I have just watched the film The Machinist and I am convinced the story was written by someone who feels like I do now, perhaps every day, and the film accurately passes on this psychosis to the viewer.
I am doubting everything from my memory to my concept of reality, Who am I? Is this feeling freedom? Horrible freedom.
I feel that the film has somehow released something in me like a drug would, to fracture and split my awareness, no longer am I constrained to one timeline, one perspective, it is just like Trevor and Ivan in the film.
There is so much safety in linearality.
What gets me more is that in the film Trevor is inevitably and obviously drawn towards his destiny by the things going on around him, and yet he cannot see his destiny. I too feel I am drawn by things around me to some conclusion that I cannot see.

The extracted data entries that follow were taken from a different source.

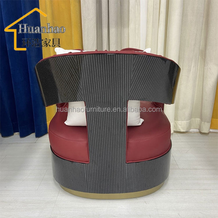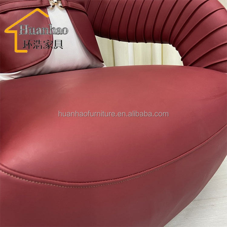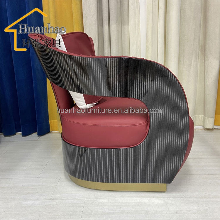 High End European Design Morden Relax Leisure Chair Red Genuine Leather Living Room Chair OEM Wooden Trim Lounge Accent Armchair
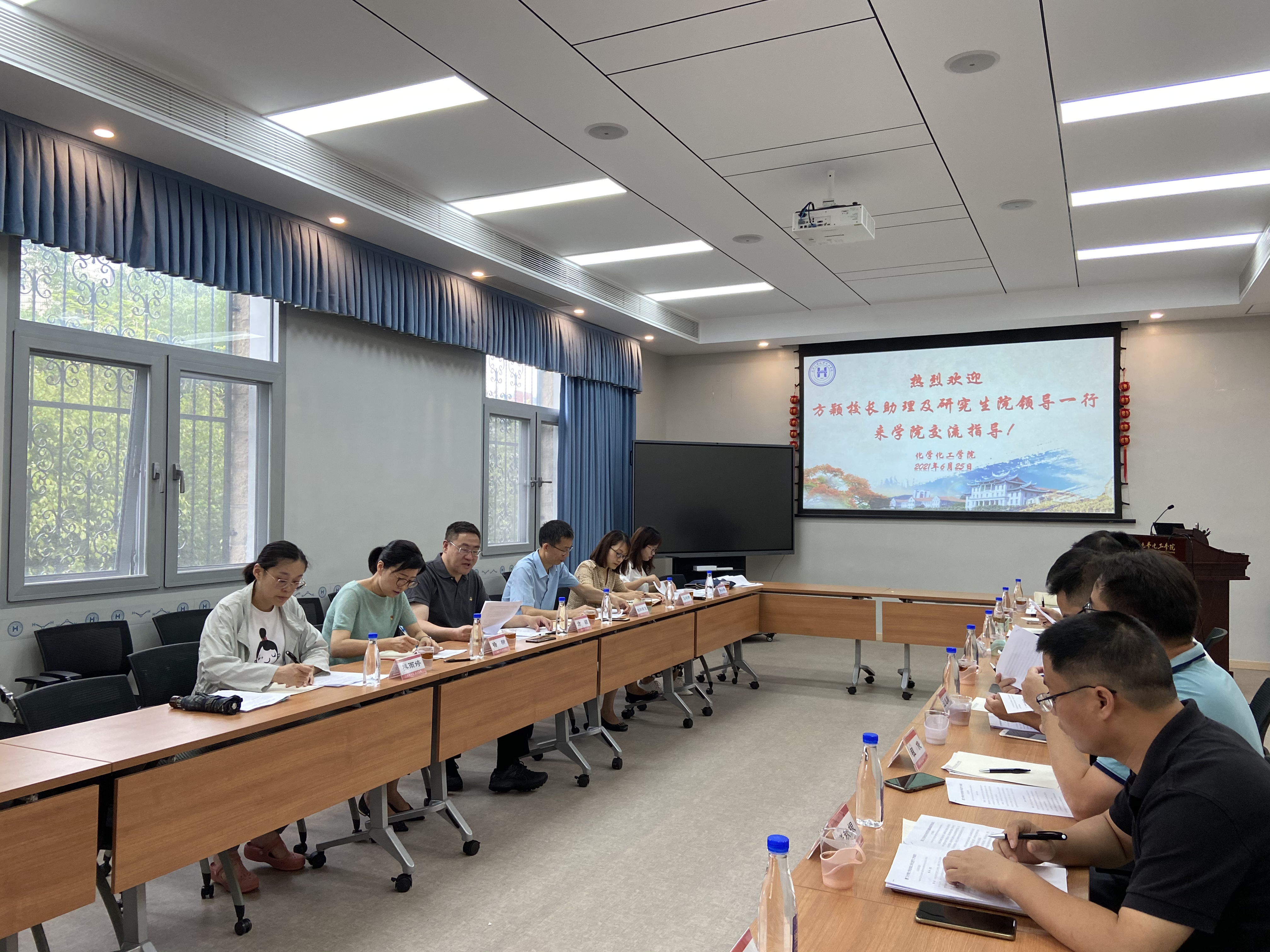 方颖表示,本次调研的主要目的为围绕研究生申请学位创新成果评价办法、学科评估以及“筑峰学科”建设计划等议题,深入了解学院发展述求,交流研究生工作方面的经验,进一步提升人才培养质量,共同探索完善一流学科建设方案,将化院这块学校的“金字招牌”做得更大更强。
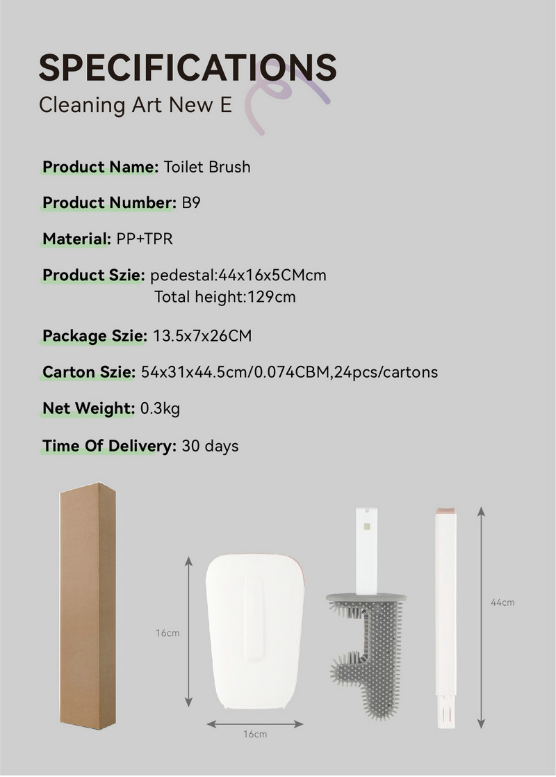 This innovative toilet brush features a TPR (Thermoplastic Rubber) brush head, engineered to address the limitations of traditional bristle brushes. Its advanced material and design deliver superior performance in hygiene, convenience, and durability, transforming routine cleaning into a hassle-free experience.
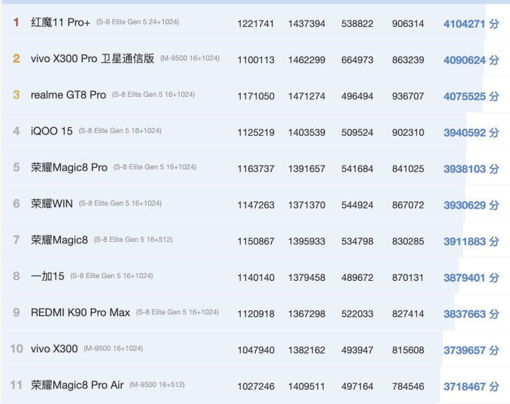 荣耀Magic8 Pro Air定位小屏轻浮旗舰,可是在性能上并莫得调和,搭载最新的天玑9500旗舰芯片,顶配版为16GB+1TB。在1月份的安兔兔旗舰性能榜中,凭借371.8万+的平均收获,荣耀Magic8 Pro Air排在榜单第11名,击败了好多标准尺寸的高端旗舰机型。该机仅有6.1毫米和155克,约略作念到这么的性能开释,还是挺让东谈主惊艳的。
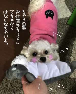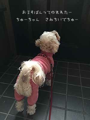 ちゅーちゃんは、夜までひとりでお留守番でちたー。
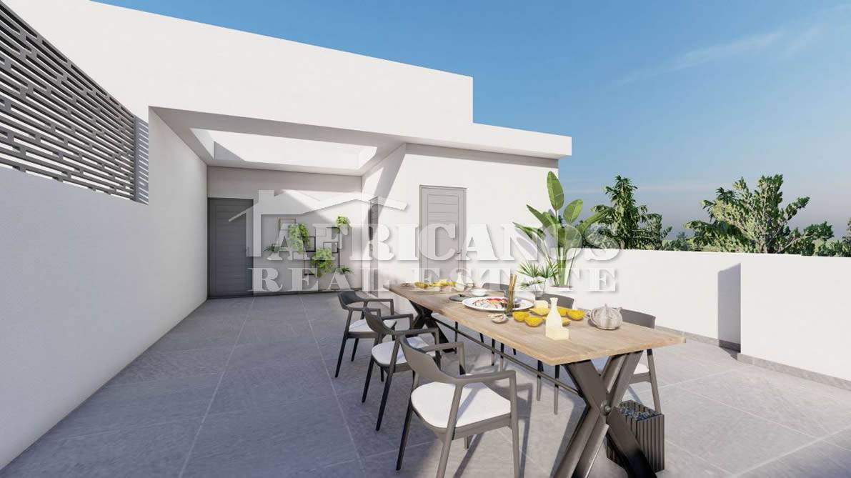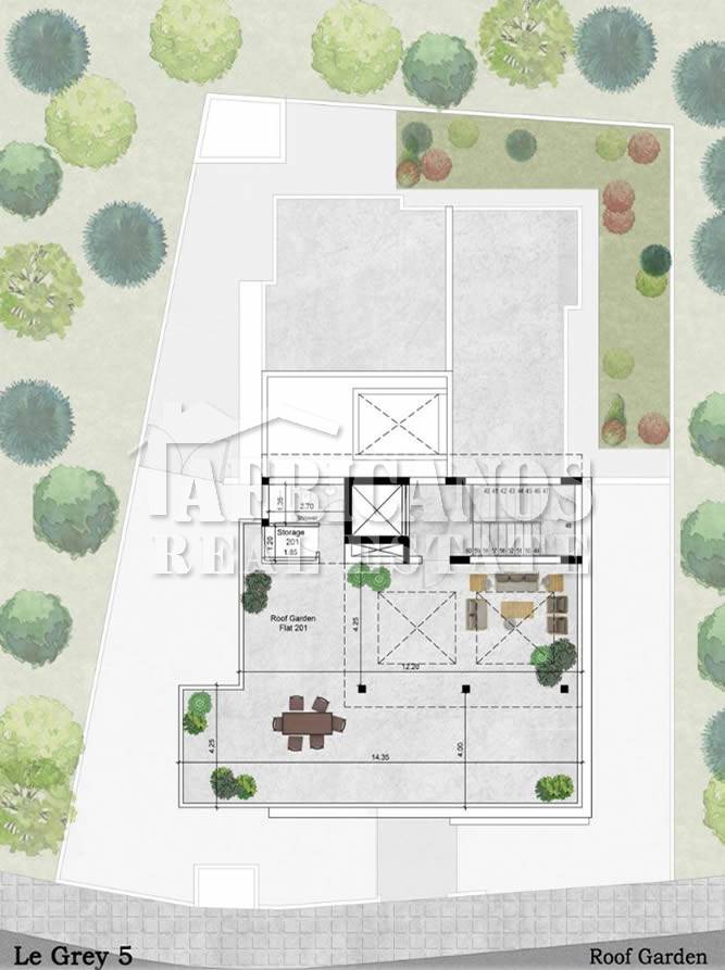 #Apartment for sale in Larnaca. The property consists of 2 bedrooms, open plan kitchen, living room, 1 shower, 1 shower en-suite, 2wc, 24sq.m. covered veranda, 49sq.m. roof garden, storage, covered parking.
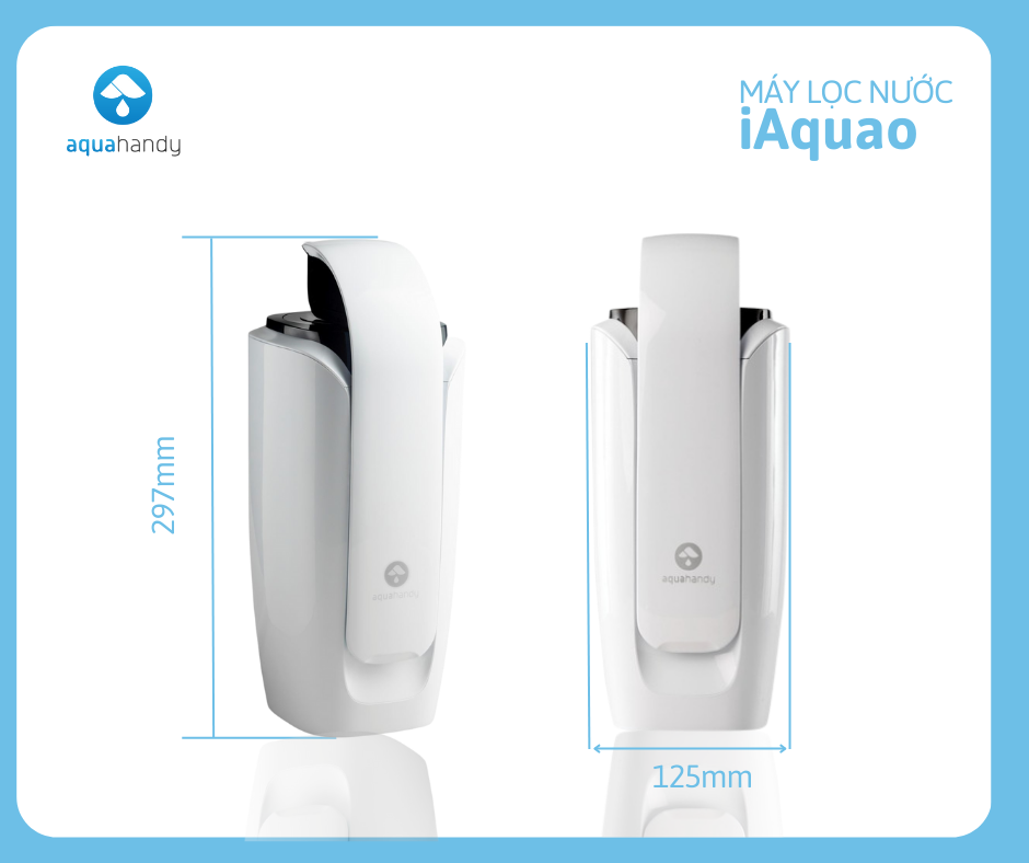 - Thiết kế lắp trực tiếp tại vòi nhỏ gọn, sang trọng cho gia đình hiện đại - Kiểm soát chất lượng nước và thông báo qua màn hình khi cần thay tiện lợi, tối ưu chi phí - Hệ thống lọc 5 bước tích hợp trong 2 lõi lọc (UF và GAC) loại bỏ tạp chất độc hại theo tiêu chuẩn quốc tế - Lõi lọc sợi rỗng UF công nghệ Nhật Bản đem lại nguồn nước sạch, tinh khiết - Chế độ chống bỏng nước nóng an toàn cho gia đình có trẻ em - Lõi lọc kháng khuẩn chống lại tái nhiễm khuẩn ngay trong bình chứa nước - Tên sản phẩm: Máy lọc nước iAquao Cơ thể bạn cần khoáng chất: Máy lọc nước iAquao oại bỏ 99,9% vi khuẩn, kim loại nặng, loại bỏ hoàn toàn các chất độc hại cho cơ thể như E.coli, Coliforms, Chì ... Giữ lại khoáng chất trong nước, giúp cân bằng độ pH. - Tại sao nên chọn iAquao - Thông số kỹ thuật - Sản phẩm: Máy lọc nước iAquao - Thiết bị lọc nước thông minh iAquao - Nhãn hiệu: AquaHandy - Công suất lọc: 180L/H ============================== Tất cả sản phẩm tại AquaHandy đều đạt các chứng nhận đảm bảo sức khỏe người sử dụng từ cơ quan chức năng. Tôn chỉ của chúng tôi là mang tới sức khỏe cho mọi gia đình tại Việt Nam thông qua nguồn nước khoáng tinh thể. Sản phẩm máy lọc nước iAquao chính hãng AquaHandy được bảo hành 24 tháng trên toàn quốc.

Why for example am I drawn to find films that can do this to me? Why do I feel that they are pieces of a very personal puzzle. Is my website; Trevor's fridge? am I hanging myself slowly?
I have noticed of late a number of different people in different situations all remarking the same thing about me: Am I asleep? did you drop off there? A guy at work, my hairdresser, my wife!
Am I passing out and not knowing it during the day? I have no memory of doing so and I don't think I am missing any part of the timeline but there is a nagging feeling that they are right, and that time stops.
I am having one of those moments where I wonder if I am truly mental!